Chapitre II - Le bal du Cygne (4/4)
- Pauline... murmura-t-il d'une voix suave à quelques millimètres de ses lèvres. Te souviens-tu de ta dernière scène et des vilaines conséquences que celle-ci a engendré ? Hum ? Est-ce que tu t'en souviens, bébé ?
Je frissonne. Mon cerveau est en alerte. Devrais-je intervenir ? Appeler à l'aide ou même la police ? Ignorante. La voix dans ma tête se fait insultante à mon égard. Qui oserait mettre le nez dans les affaires conjugales d'une famille aussi puissante ? Les sous-entendus de mon amie devenaient soudainement très clairs. Mon cœur était au bord de l'explosion et ma culpabilité, elle, à un sommet jamais atteint jusqu'ici. Face à moi, la scène devenait insoutenable. Le prédateur s'amusait avec sa proie et celle-ci souffrait tant que seules de faibles supplications, inaudibles, parvenaient à s'échapper de sa gorge.
- Tu t'es perdue, petit cygne ?
Prise en flag. Dans la pénombre, une voix mielleuse s'amuse de mon indiscrétion. La silhouette de son propriétaire est difficilement perceptible. Ma tenue justifiant le sobriquet, j'émets un rire nerveux.
- On dirait. Je cherche mon prince.
Nous restons de longues secondes à nous observer sans l'émission de la moindre parole. Mon interlocuteur tire de longue lattes sur sa cigarette avant d'enfumer l'habitacle. Inutile de rester plantée là plus longtemps. J'hésite à saluer le fantôme de ces murs et tourne les talons.
- Il est mort.
Sa réponse, inattendue, me coupa dans mon élan avant que je ne pivote en sa direction.
- Qui ?
- Le prince, souffle la voix en écrasant sa cigarette sous sa chaussure avant de se redresser. Toi aussi, d'ailleurs. Vous êtes morts tous les deux.
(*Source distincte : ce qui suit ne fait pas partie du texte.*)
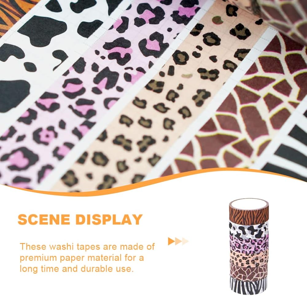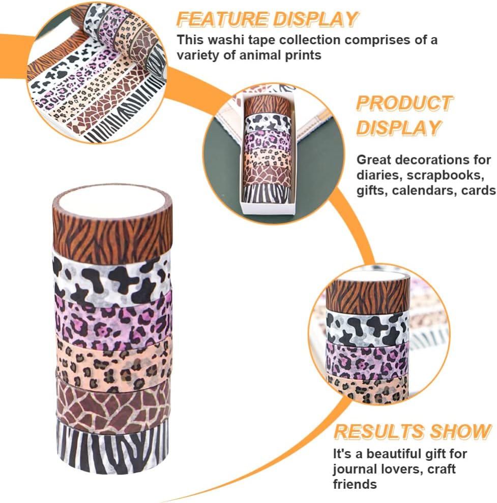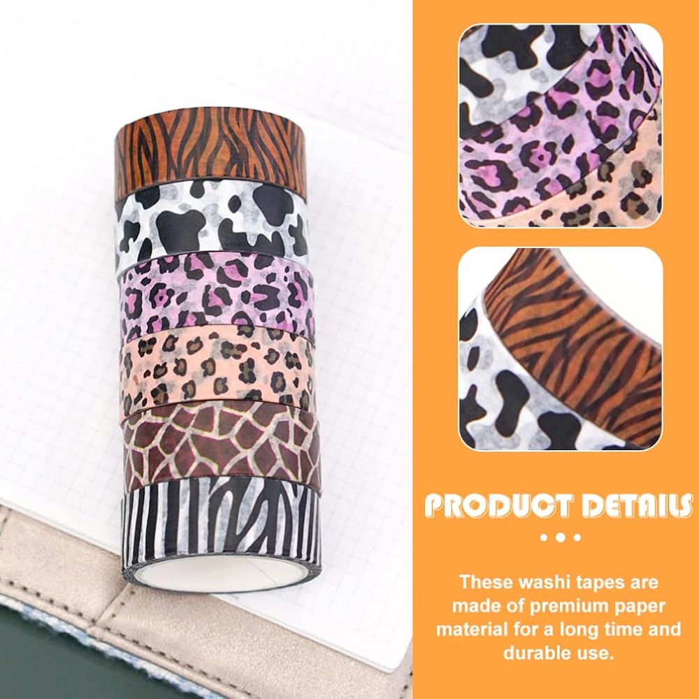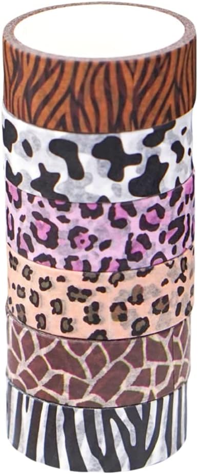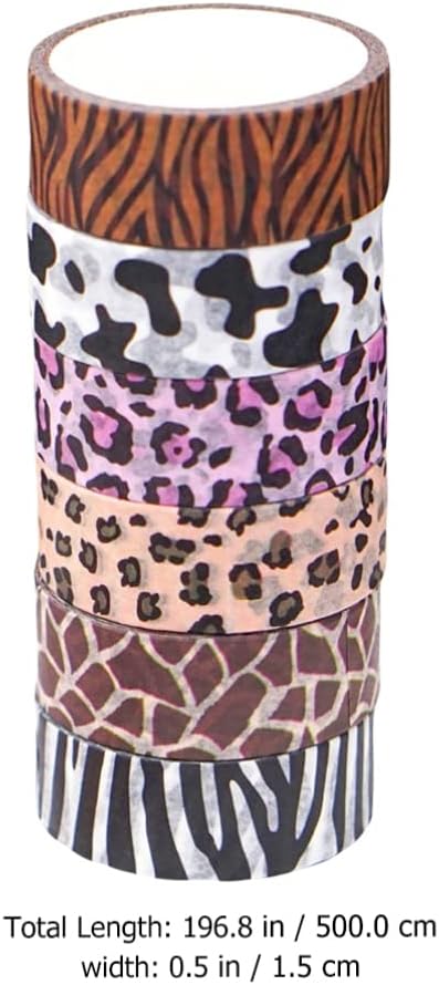 6 Rolls Animal Washi Tape Leopard Cows Zebra Print Scrapbook Masking Tape Decorative Stickers for DIY Crafts Journal Planner Gift Wrapping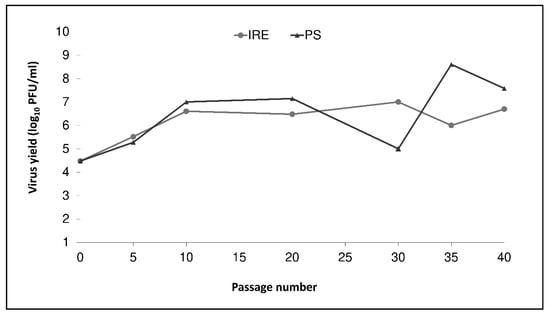 To assess the evolution of the plaque size during the passaging history, the plaque sizes in passage numbers 5, 10, 20, 30, 35, and 40 in both cell lines and in LT IRE were measured using ImageJ software (NIH, Bethesda, MD, USA, version 1.52a) [31] and compared to the 0 P plaque size. The diameters of a minimum of 20 randomly chosen discrete plaque samples per viral variant were measured in duplicate and mean value sizes were plotted and compared statistically.

Le Lac des cygnes. C'était mon ballet préféré. L'histoire était des plus tragiques mais c'était ce qui lui rendait de loin sa féerie.
- Il existe également des versions plus heureuses.
- Pour faire rêver les petites filles... avoua-t-il en faisant quelques pas dans ma direction. Tu es de ce genre-là ?
- Pas vraiment.
Je reculais sans m'en rendre compte.
- La mort nous met sur un même pied d'égalité. A mes yeux, elle rend les personnages plus accessibles. C'est ce que j'aime.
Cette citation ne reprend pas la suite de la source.